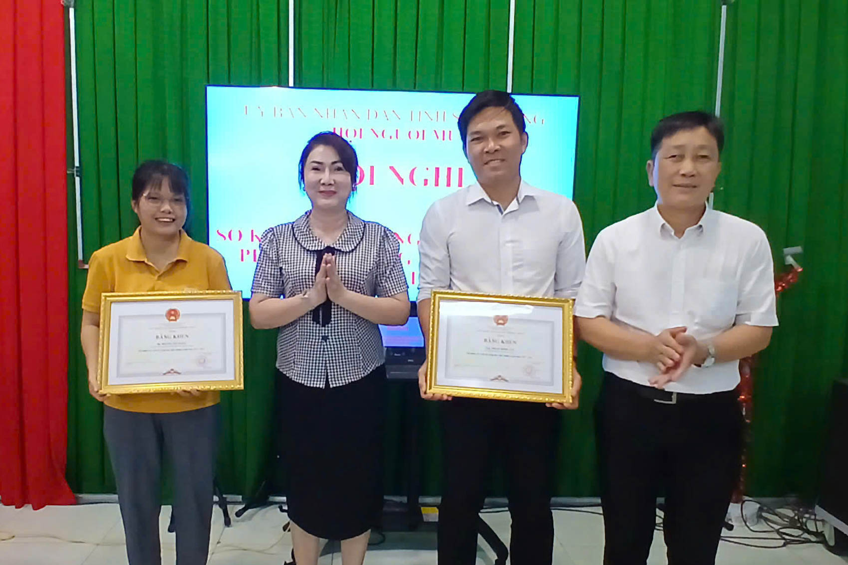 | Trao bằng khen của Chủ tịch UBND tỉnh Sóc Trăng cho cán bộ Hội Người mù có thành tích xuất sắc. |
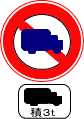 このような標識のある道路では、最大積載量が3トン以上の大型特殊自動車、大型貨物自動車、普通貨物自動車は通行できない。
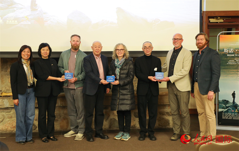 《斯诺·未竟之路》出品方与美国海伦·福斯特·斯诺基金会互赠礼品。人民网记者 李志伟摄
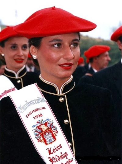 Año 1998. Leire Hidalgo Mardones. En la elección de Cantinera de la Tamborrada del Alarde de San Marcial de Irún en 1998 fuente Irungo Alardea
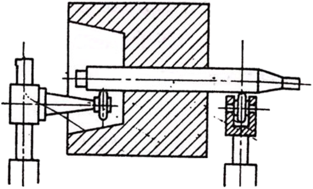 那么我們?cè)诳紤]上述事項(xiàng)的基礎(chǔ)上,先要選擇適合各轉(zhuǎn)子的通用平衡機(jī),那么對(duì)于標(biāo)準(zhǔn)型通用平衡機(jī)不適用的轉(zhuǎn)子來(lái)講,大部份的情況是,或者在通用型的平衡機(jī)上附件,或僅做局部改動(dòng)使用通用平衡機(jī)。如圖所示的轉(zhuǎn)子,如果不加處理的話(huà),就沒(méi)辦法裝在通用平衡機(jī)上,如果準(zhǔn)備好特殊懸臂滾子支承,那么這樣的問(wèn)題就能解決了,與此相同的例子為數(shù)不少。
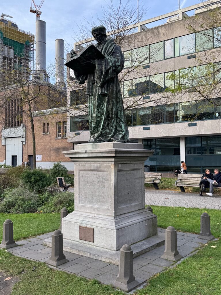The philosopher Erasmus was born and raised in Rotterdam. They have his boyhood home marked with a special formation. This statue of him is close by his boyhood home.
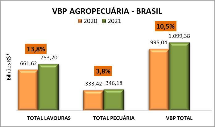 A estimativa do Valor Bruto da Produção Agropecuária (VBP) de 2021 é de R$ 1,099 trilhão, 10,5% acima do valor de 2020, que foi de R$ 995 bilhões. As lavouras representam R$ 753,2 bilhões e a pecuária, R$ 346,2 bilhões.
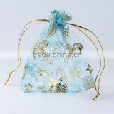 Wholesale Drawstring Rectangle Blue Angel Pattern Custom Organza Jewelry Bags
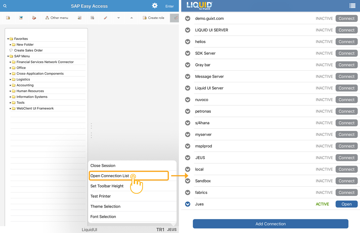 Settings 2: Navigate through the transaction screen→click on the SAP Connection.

▸ Task goal: Reproduce the material word for word, minus the images.

▸ Finished exercise:
 | Trao bằng khen của Chủ tịch UBND tỉnh Sóc Trăng cho cán bộ Hội Người mù có thành tích xuất sắc. |
 このような標識のある道路では、最大積載量が3トン以上の大型特殊自動車、大型貨物自動車、普通貨物自動車は通行できない。
 《斯诺·未竟之路》出品方与美国海伦·福斯特·斯诺基金会互赠礼品。人民网记者 李志伟摄
 Año 1998. Leire Hidalgo Mardones. En la elección de Cantinera de la Tamborrada del Alarde de San Marcial de Irún en 1998 fuente Irungo Alardea
 那么我們?cè)诳紤]上述事項(xiàng)的基礎(chǔ)上,先要選擇適合各轉(zhuǎn)子的通用平衡機(jī),那么對(duì)于標(biāo)準(zhǔn)型通用平衡機(jī)不適用的轉(zhuǎn)子來(lái)講,大部份的情況是,或者在通用型的平衡機(jī)上附件,或僅做局部改動(dòng)使用通用平衡機(jī)。如圖所示的轉(zhuǎn)子,如果不加處理的話(huà),就沒(méi)辦法裝在通用平衡機(jī)上,如果準(zhǔn)備好特殊懸臂滾子支承,那么這樣的問(wèn)題就能解決了,與此相同的例子為數(shù)不少。
The philosopher Erasmus was born and raised in Rotterdam. They have his boyhood home marked with a special formation. This statue of him is close by his boyhood home.
 A estimativa do Valor Bruto da Produção Agropecuária (VBP) de 2021 é de R$ 1,099 trilhão, 10,5% acima do valor de 2020, que foi de R$ 995 bilhões. As lavouras representam R$ 753,2 bilhões e a pecuária, R$ 346,2 bilhões.
 Wholesale Drawstring Rectangle Blue Angel Pattern Custom Organza Jewelry Bags
 Settings 2: Navigate through the transaction screen→click on the SAP Connection.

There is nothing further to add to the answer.